» **WORK TASK**:
Lines from the listing below that contain the string "sobre" are to be reported.

::: SOURCE MATERIAL

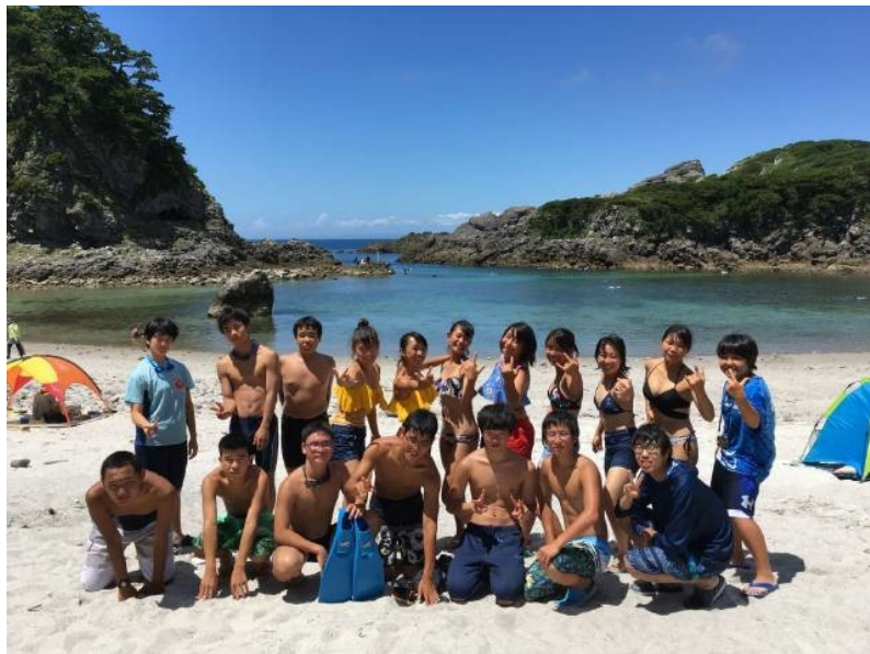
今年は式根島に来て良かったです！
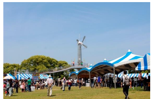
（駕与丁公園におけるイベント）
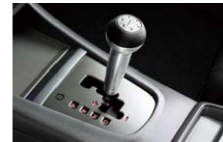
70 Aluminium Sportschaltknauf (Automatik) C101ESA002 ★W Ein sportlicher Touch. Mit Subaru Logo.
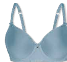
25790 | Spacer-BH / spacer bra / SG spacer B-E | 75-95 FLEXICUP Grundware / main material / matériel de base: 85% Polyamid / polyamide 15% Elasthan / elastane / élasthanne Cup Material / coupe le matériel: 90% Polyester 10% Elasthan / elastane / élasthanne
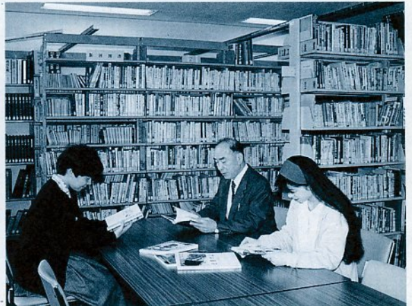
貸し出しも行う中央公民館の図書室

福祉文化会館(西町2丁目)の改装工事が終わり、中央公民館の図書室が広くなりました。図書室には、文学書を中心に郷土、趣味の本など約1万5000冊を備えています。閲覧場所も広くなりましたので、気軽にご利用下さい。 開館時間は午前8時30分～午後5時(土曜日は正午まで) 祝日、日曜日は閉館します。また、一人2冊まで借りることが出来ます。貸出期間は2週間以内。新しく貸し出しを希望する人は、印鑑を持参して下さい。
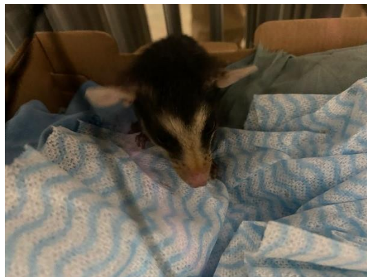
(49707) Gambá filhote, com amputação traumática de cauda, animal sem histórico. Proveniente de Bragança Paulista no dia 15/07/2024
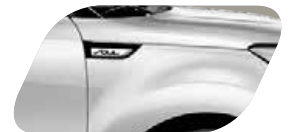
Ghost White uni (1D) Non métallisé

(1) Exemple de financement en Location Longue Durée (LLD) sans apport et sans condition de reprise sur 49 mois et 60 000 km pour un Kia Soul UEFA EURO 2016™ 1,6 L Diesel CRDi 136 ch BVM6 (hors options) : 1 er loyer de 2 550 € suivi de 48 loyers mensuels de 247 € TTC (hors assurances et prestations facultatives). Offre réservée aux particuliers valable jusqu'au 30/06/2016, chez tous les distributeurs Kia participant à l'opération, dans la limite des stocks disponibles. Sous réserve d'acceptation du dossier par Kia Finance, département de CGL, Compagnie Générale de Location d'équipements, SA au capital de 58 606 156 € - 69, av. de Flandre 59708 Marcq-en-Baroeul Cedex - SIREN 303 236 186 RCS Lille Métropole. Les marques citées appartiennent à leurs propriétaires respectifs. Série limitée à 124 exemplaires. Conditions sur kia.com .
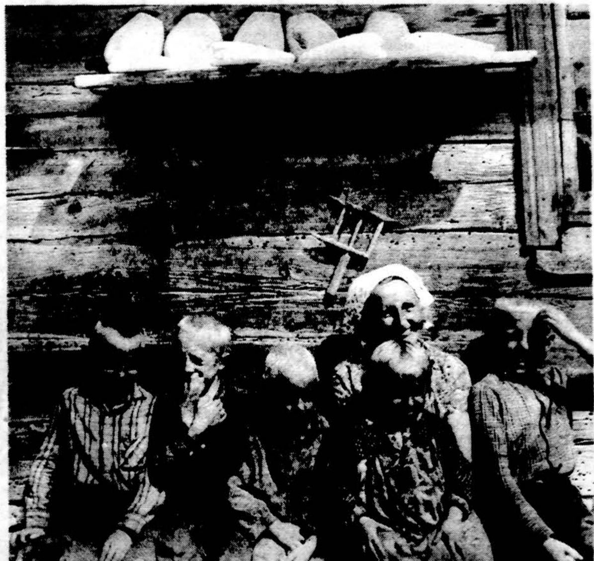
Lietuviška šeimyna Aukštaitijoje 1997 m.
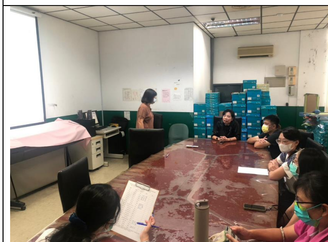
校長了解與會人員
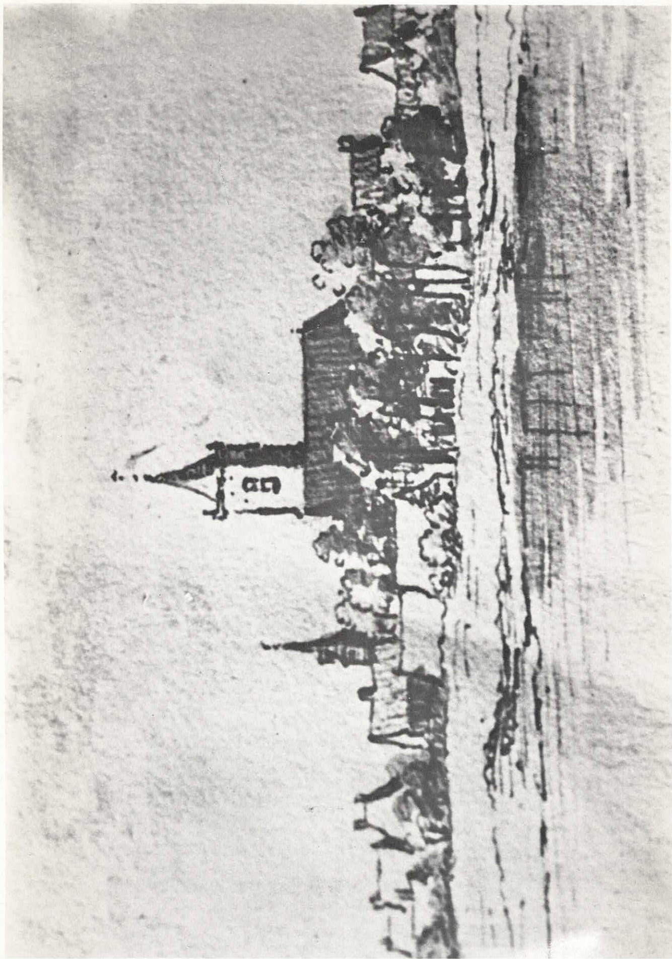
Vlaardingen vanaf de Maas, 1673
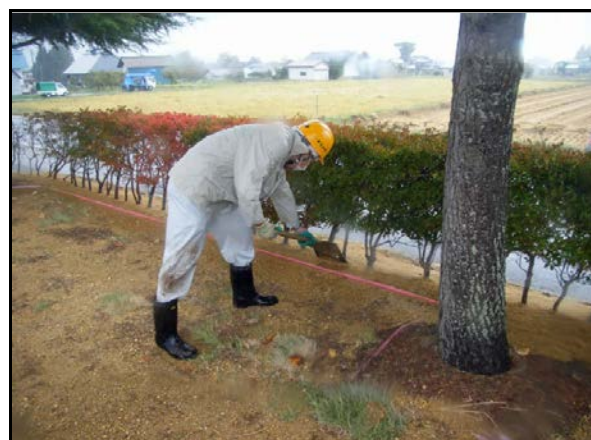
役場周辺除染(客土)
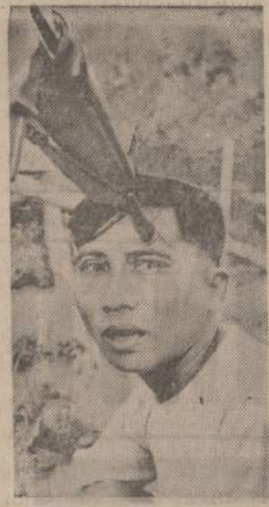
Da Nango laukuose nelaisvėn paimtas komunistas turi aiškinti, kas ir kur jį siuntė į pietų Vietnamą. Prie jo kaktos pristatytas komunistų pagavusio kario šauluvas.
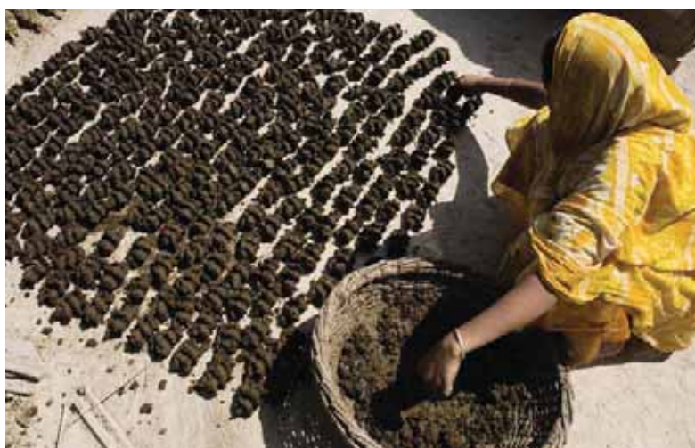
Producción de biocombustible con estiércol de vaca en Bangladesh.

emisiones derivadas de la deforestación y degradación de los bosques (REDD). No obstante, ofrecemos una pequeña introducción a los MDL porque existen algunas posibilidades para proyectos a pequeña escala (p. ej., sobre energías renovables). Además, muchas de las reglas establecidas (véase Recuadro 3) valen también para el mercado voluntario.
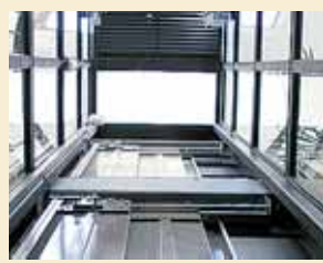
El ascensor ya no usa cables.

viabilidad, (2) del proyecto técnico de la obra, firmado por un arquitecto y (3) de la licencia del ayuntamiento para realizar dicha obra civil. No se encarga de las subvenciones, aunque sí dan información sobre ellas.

::::::
::: SOURCE MATERIAL

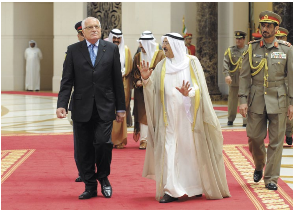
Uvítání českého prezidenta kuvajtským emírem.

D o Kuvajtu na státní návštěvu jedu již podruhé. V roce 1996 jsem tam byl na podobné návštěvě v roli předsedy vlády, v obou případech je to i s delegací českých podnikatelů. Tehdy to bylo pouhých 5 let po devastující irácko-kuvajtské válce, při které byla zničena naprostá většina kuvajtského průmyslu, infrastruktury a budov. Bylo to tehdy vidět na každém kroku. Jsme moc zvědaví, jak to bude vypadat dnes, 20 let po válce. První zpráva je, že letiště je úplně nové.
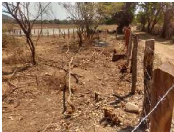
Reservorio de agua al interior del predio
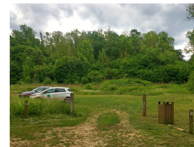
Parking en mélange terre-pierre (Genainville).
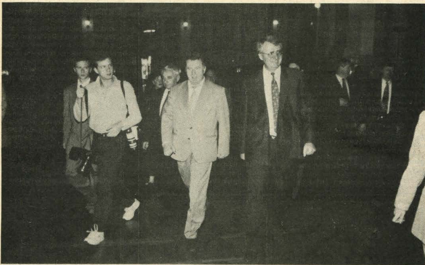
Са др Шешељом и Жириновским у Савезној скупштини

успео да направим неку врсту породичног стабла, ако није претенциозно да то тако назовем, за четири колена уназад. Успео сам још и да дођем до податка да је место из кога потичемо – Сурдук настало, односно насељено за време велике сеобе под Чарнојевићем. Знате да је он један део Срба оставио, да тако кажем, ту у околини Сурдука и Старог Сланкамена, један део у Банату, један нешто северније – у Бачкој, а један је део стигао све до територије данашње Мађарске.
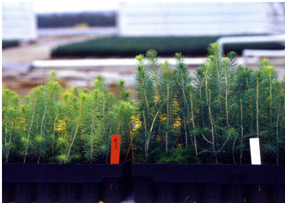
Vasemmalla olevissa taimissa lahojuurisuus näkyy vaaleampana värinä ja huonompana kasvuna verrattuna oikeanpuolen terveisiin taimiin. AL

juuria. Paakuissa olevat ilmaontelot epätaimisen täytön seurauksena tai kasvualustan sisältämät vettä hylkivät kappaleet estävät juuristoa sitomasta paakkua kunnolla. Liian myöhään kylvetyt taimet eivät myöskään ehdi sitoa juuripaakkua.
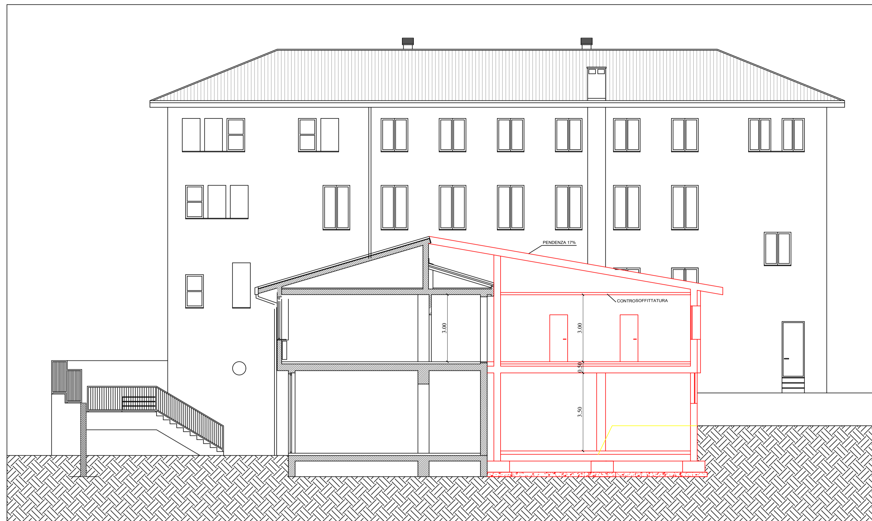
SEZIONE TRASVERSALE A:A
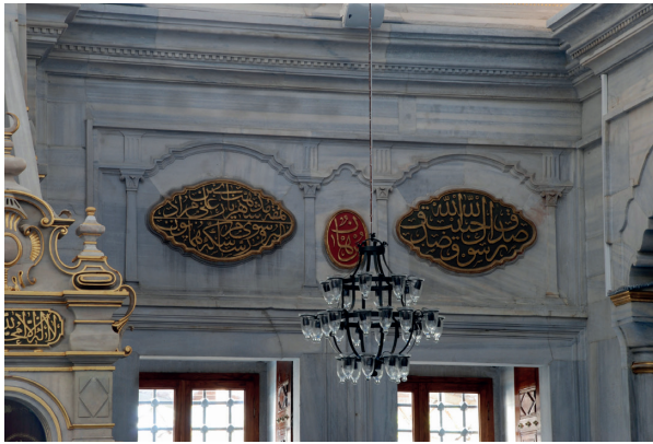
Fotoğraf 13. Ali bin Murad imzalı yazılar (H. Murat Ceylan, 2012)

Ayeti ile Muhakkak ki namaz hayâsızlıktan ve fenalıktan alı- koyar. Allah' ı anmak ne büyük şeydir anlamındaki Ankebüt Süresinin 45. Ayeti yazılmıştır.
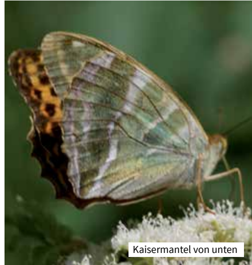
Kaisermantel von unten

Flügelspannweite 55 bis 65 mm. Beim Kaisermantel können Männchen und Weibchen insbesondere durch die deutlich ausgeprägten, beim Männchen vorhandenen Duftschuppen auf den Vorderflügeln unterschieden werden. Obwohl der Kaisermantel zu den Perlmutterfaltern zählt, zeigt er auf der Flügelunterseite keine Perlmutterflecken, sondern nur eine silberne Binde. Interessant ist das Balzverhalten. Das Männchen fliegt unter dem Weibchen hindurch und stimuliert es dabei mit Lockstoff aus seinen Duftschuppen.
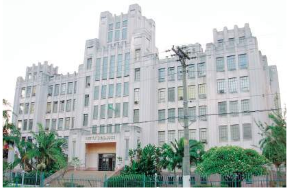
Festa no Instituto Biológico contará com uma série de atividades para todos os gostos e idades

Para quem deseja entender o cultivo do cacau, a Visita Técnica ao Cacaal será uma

::::::
::: SOURCE MATERIAL

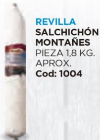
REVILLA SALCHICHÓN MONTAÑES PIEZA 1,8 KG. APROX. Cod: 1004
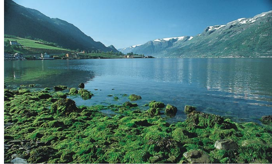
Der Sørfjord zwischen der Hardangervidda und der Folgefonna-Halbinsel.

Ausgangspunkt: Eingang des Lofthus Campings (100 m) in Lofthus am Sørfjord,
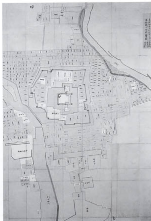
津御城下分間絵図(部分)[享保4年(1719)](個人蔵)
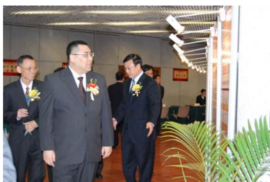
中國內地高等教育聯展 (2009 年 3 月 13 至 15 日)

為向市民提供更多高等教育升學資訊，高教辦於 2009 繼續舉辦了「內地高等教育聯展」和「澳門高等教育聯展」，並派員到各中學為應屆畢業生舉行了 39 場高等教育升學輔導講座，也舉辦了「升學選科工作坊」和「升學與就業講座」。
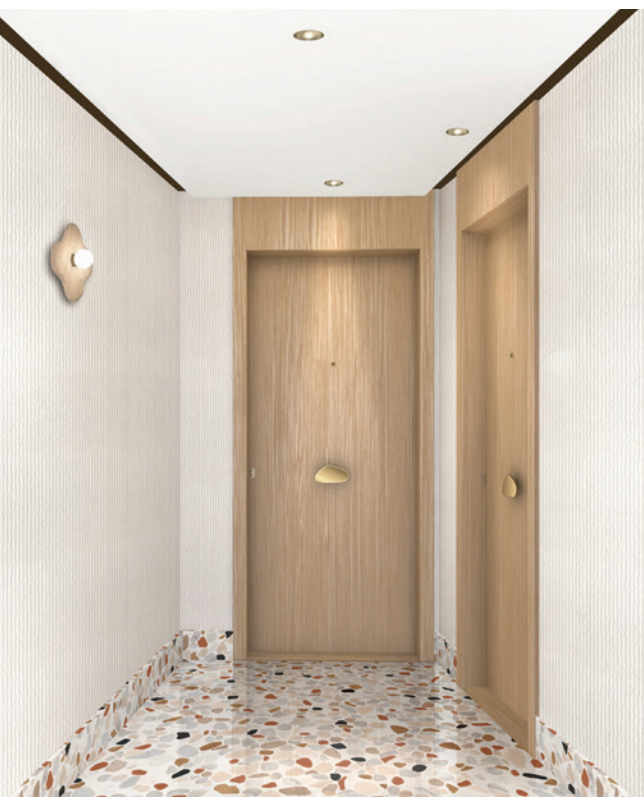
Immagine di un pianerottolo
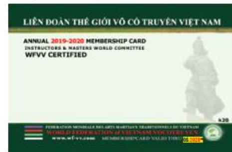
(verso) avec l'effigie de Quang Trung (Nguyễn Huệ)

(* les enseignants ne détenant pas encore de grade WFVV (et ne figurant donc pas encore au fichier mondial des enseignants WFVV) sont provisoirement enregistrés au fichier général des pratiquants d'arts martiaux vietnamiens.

::::::

» **TASK ANSWER**:
emisiones derivadas de la deforestación y degradación de los bosques (REDD). No obstante, ofrecemos una pequeña introducción a los MDL porque existen algunas posibilidades para proyectos a pequeña escala (p. ej., sobre energías renovables). Además, muchas de las reglas establecidas (véase Recuadro 3) valen también para el mercado voluntario.
viabilidad, (2) del proyecto técnico de la obra, firmado por un arquitecto y (3) de la licencia del ayuntamiento para realizar dicha obra civil. No se encarga de las subvenciones, aunque sí dan información sobre ellas.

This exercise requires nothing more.